Task goal: Copy out the lines beginning at the one with "Bild hinten: On" and ending at the last line of the data, both included; pictures stay out.

—————

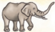
der Elefant elefantul
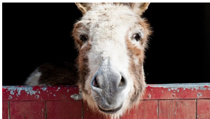
Do Donkeys Act?

Bild hinten: On The Beach At Night Alone , eine Illustration von Miro Denck Instagram: @miroschnee Website: miredenck.com
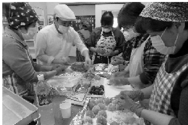
三世代餅つき会（平成30年）

なお、利用の際は予約が必要ですので、自治会館（TEL 385-2063）へ事前にご連絡ください。 〔事務局〕
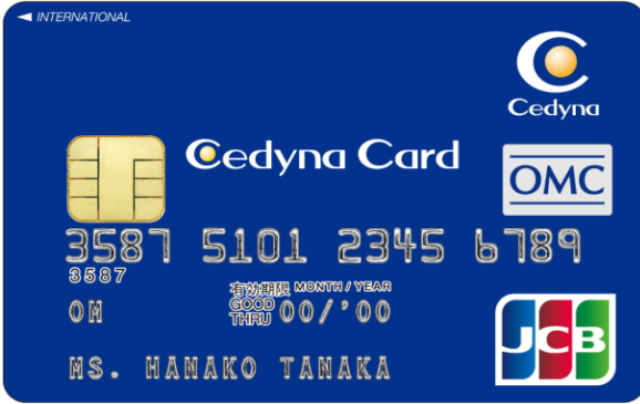
【セディナカードファースト】
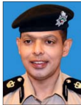
العميد عادل الحشاش

كما أشار العميد الحشاش إلى أن المكاتب الوهمية تلجأ إلى استغلال هؤلاء الخدم الهاربين في أعمال مخلة بالأداب العامة مقابل التستر عليهم وإجبارهم على القيام بأعمال شاقة وحجز حريتهم
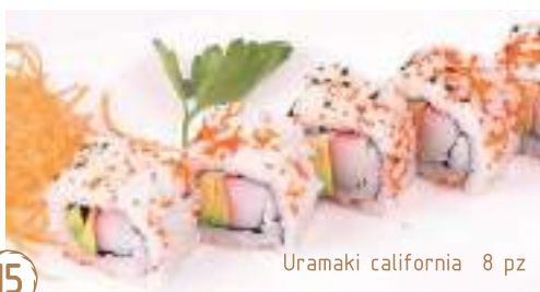
15 Uramaki california 8 pz
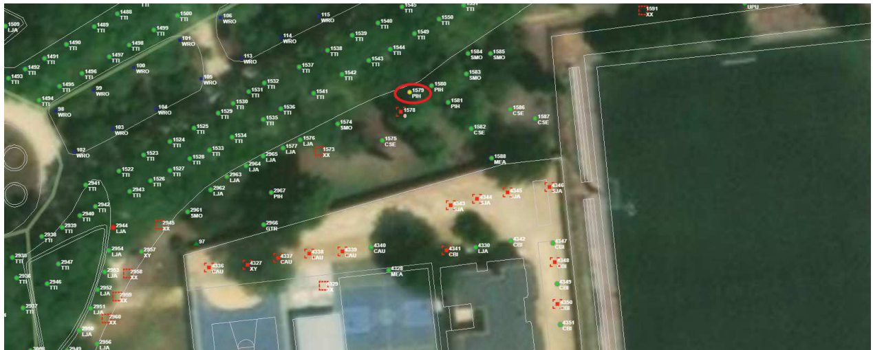
Localización del árbol
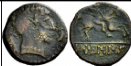
orosiz numisbids Numisbids
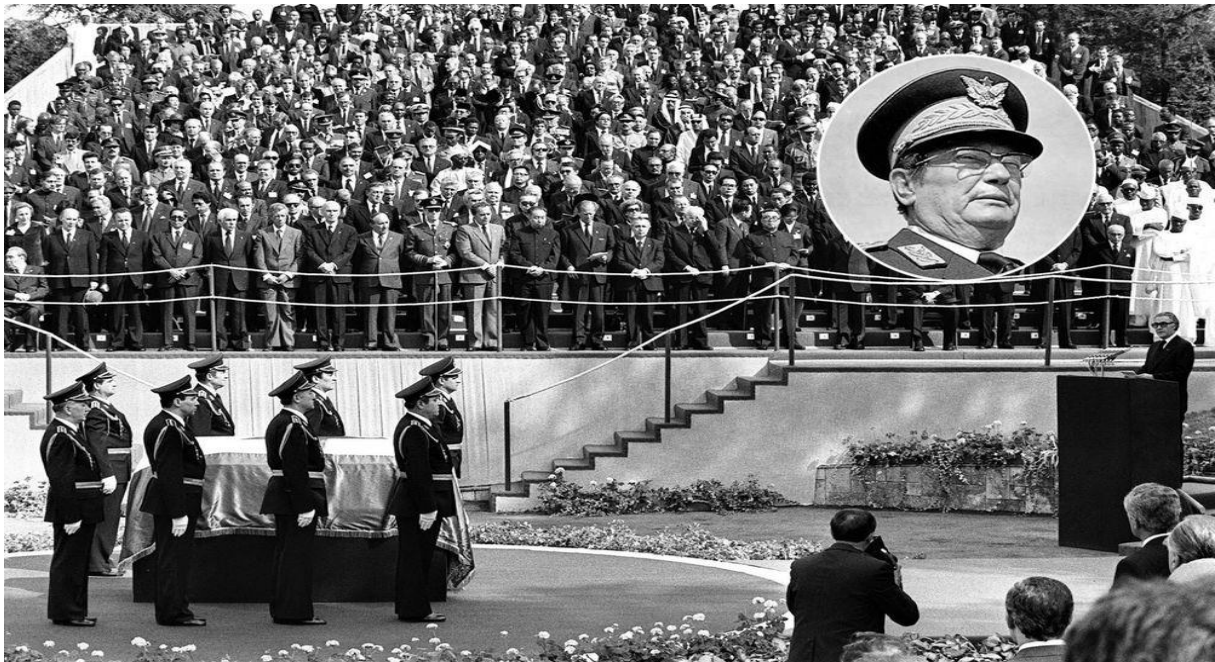
Slika 3: Titov sprovod 1980. godine [3]

U proljeće 1981. godine, dolazi do nemira na Kosovu. Razlog nemira je bio ekonomsko zaostajanje pokrajine i sve veća politička neravnopravnost s drugima u Jugoslaviji. Započeli su ih studenti i učenici u Prištini (u studentskom restoranu), odakle su se proširili diljem cijele pokrajine.

—————

Task output:
Bild hinten: On The Beach At Night Alone , eine Illustration von Miro Denck Instagram: @miroschnee Website: miredenck.com
三世代餅つき会（平成30年）

なお、利用の際は予約が必要ですので、自治会館（TEL 385-2063）へ事前にご連絡ください。 〔事務局〕
【セディナカードファースト】
العميد عادل الحشاش

كما أشار العميد الحشاش إلى أن المكاتب الوهمية تلجأ إلى استغلال هؤلاء الخدم الهاربين في أعمال مخلة بالأداب العامة مقابل التستر عليهم وإجبارهم على القيام بأعمال شاقة وحجز حريتهم
15 Uramaki california 8 pz
Localización del árbol
orosiz numisbids Numisbids
Slika 3: Titov sprovod 1980. godine [3]

U proljeće 1981. godine, dolazi do nemira na Kosovu. Razlog nemira je bio ekonomsko zaostajanje pokrajine i sve veća politička neravnopravnost s drugima u Jugoslaviji. Započeli su ih studenti i učenici u Prištini (u studentskom restoranu), odakle su se proširili diljem cijele pokrajine.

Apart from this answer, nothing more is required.